Privacy & Information Security Law Blog

On September 27, 2021, the Centre for Information Policy Leadership (“CIPL”) at Hunton Andrews Kurth published a white paper on the “GDPR Enforcement Cooperation and the One-Stop-Shop (“OSS”) - Learning from the First Three Years” (the “Paper”). The Paper identifies the challenges faced by the OSS, defines CIPL’s position, and proposes possible solutions to improve the OSS mechanism, taking into account the European Data Protection Board’s (“EDPB”) recent work and decisions by the Court of Justice of the European Union (“CJEU”).

CIPL believes the OSS is essential to supporting the consistent implementation of the GDPR in order to achieve the EU single market, bringing important benefits to individuals, organizations, and Supervisory Authorities (“SAs”).

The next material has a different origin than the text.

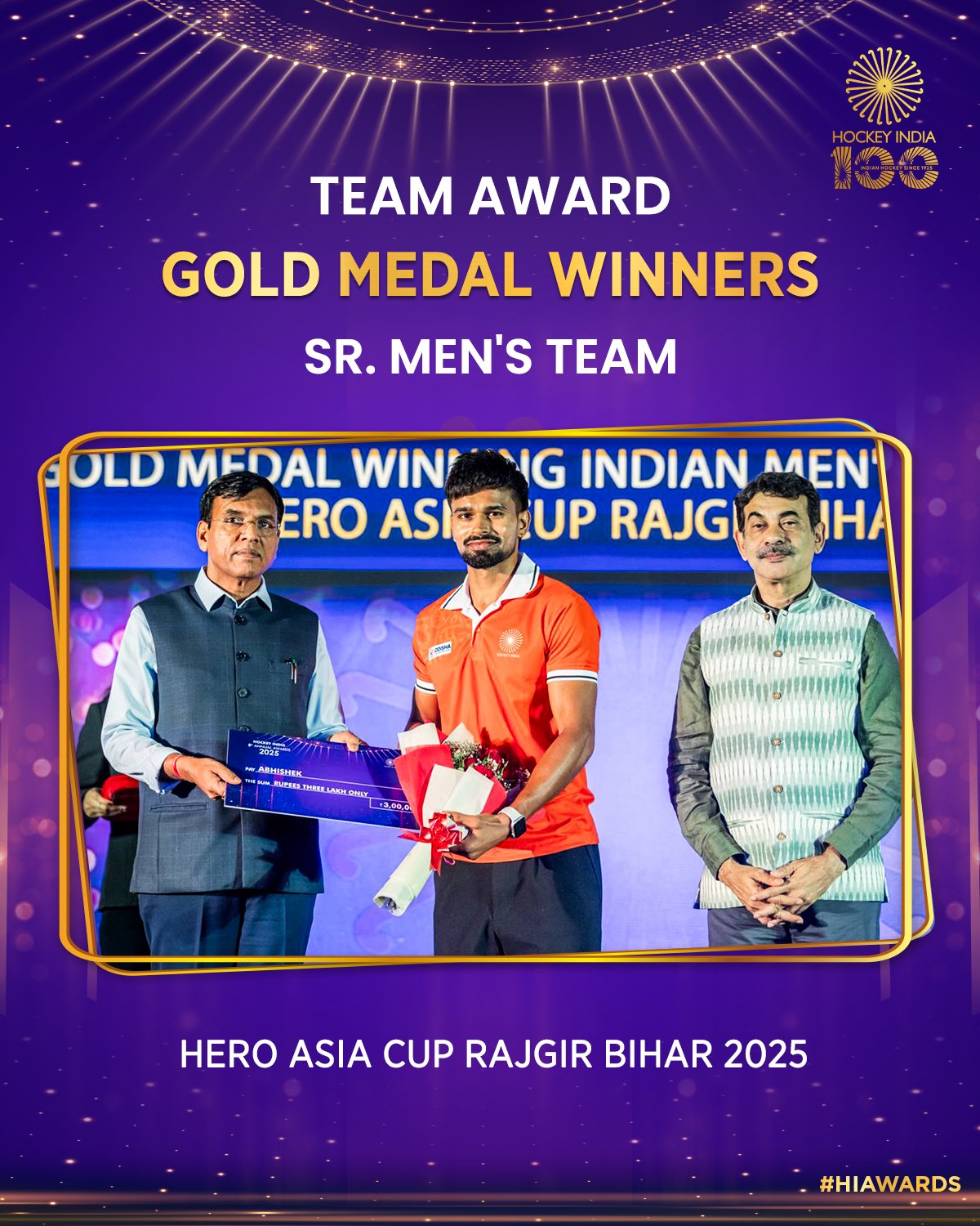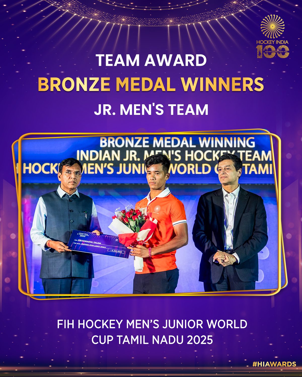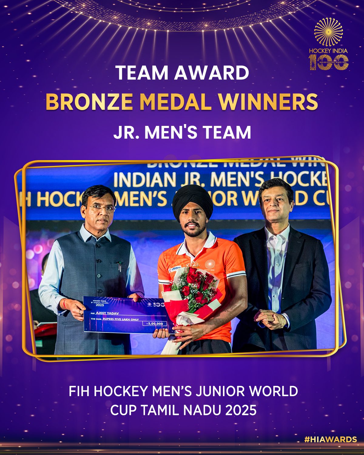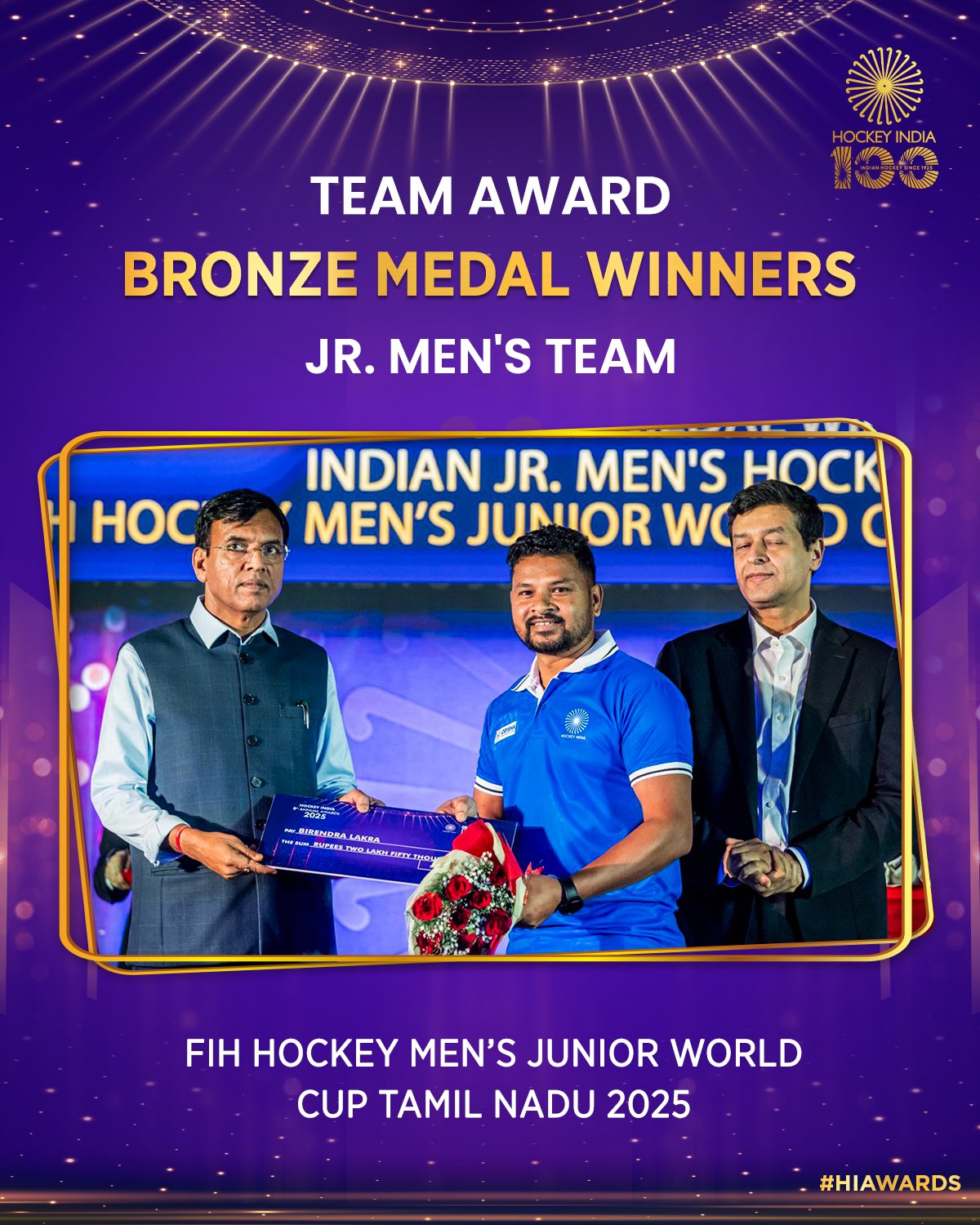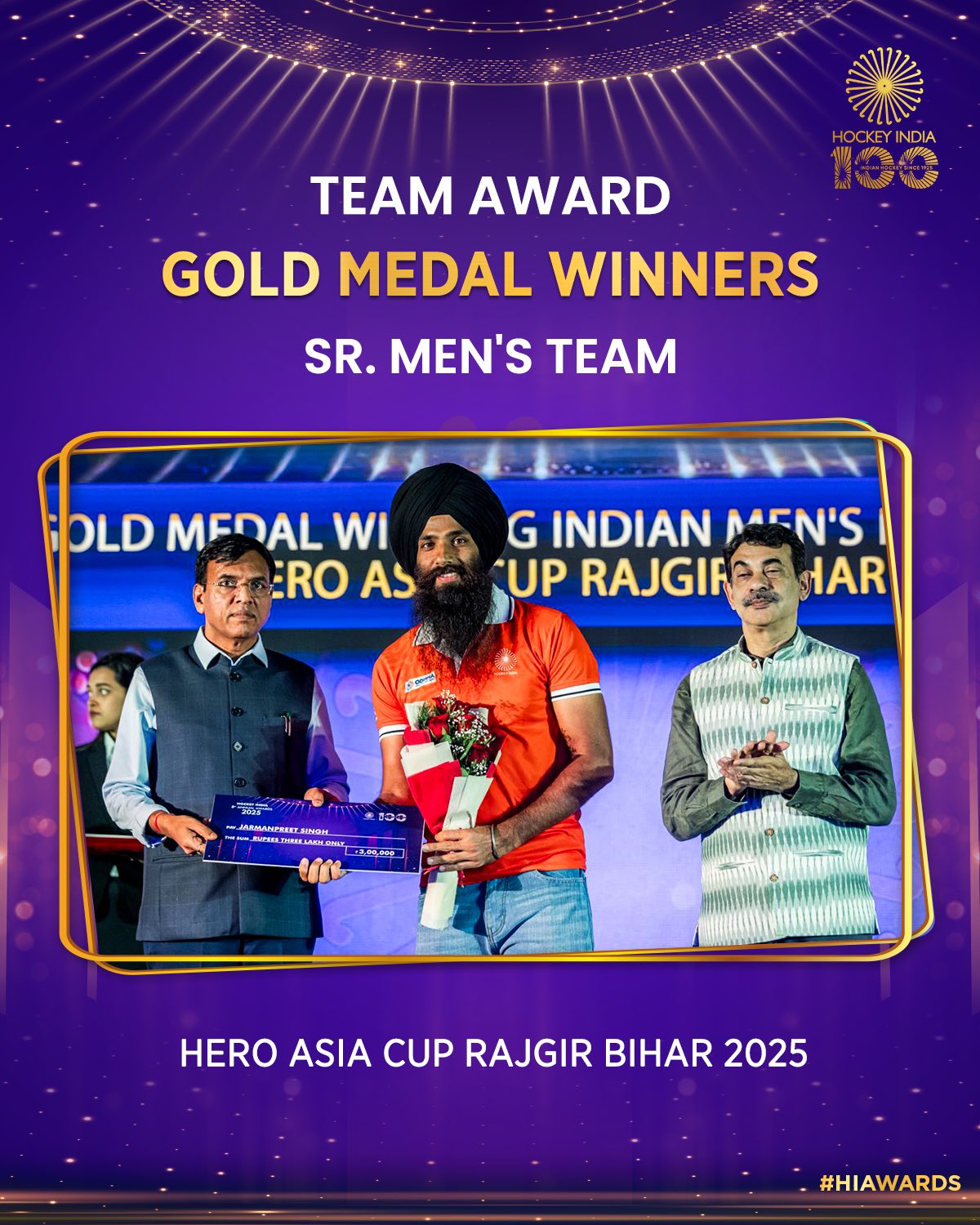 The gold medal-winning Men’s Hockey Team from the Hero Asia Cup Rajgir Bihar 2025 were felicitated during the ceremony, with each player receiving INR 3 lakh and the support staff receiving INR 1.5 lakh each. The bronze medal-winning Indian Junior Men’s Hockey Team from the FIH Hockey Men’s Junior World Cup Tamil Nadu 2025 were also honoured, with players receiving INR 5 lakh each and support staff receiving INR 2.5 lakh each.

CIPL advocates for making a strong effort at the European level and among SAs to address challenges facing the OSS.

In the Paper, CIPL recommends that the EDPB:

• Continue to work to foster respect, mutual recognition, sharing, and understanding of the different regulatory approaches among the EU Member States;
• Encourage the creation of a common framework for procedural rules, including rules on transparency and the right to be heard;
• Continue to promote the application of the OSS in the e-Privacy Regulation and other EU digital drafts to ensure consistent enforcement and reduce the risk of double jeopardy;
• Foster exchanges between SAs regarding different regulatory approaches, the compliance effects they deliver, and methods of encouraging behavioral changes focused on desired outcomes;
• Continue to ensure that relevant and reasoned objections, mutual assistance and joint operation procedures are used in limited cases of serious concern to further promote SAs’ self-restraint;
• Consider enabling organizations to validate their main establishments and set up a voluntary register;
• Adopt guidelines on how corrective measures should apply, including a clear and transparent decision matrix for calculating administrative fines;
• Foster “self-regulation” among SAs themselves through commitments in a Memorandum of Understanding to complement the GDPR cooperation processes; and
• Because the OSS is subject to a complex arrangement under which supervisory authorities from other jurisdictions (Concerned Supervisory Authorities or “CSAs”) may have views in enforcement actions, consider working over the long term with a panel of three CSAs that is set up to coordinate a single composite response to a proposed Lead Supervisory Authority decision.